Question #3: Can you explain the grading system at your high school?
This one’s for the international applicants. Grading systems vary greatly from one district to another within your own country, what more those from another country’s.
“US colleges might not know as much about their high school and about their environment as maybe they would like,” says Mandee Heller Adler, founder and president of Florida-based International College Counselors.
Suggestion: Try to find the clearest way to explain the grading scale that your high school uses, as well as any other achievements you may have, such as awards received.
Question #4: What are your academic strengths and weaknesses, and how have you addressed them?
Colleges want to know how you perceive your achievements as well as how well you overcome obstacles.
Suggestions: When talking about strengths, be specific. And explain how these strengths helped you throughout high school and how you plan to use it in future. For example, “Writing is my biggest strength. I capitalised on this to get an internship programme at a local publishing house, as well as winning an essay competition. I hope to do the same in college”.
When it comes to weaknesses, admit them readily, so long as you can show that you have made efforts to overcome them. Don’t say you have no weaknesses – no one’s going to buy that and you’ll only paint yourself as arrogant.

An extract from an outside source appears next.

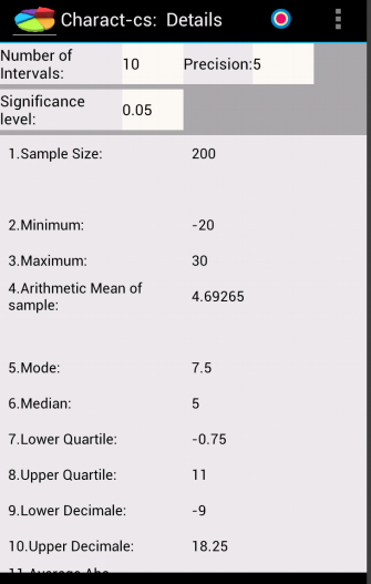 The application has function for smooth distributions, this includes assets for visualization adjusted( smooth) distributions related to the sample, not excluded from the Pearson's and Kolmogorov-Smirnovr's criteria.

Instead, talk about strategies you’ve used to overcome procrastination, or a specific story about how you got that C grade to a B in calculus.
Question #5: Do you have any questions for me?
Take this opportunity to ask the questions for which the answers just aren’t available on the school’s website. Ask a well-thought question and you can get yourself extra marks for showing you’ve done your research.
Suggestion: Betsy Cotten, associate director of admissions at McDaniel College in Maryland suggests asking about more in-depth issues such as the culture of a college’s location and how the college’s students spend their time outside the classroom.
“More of the touchy-feely, rather than the more statistically driven stuff is a better use of their time,” says Cotten.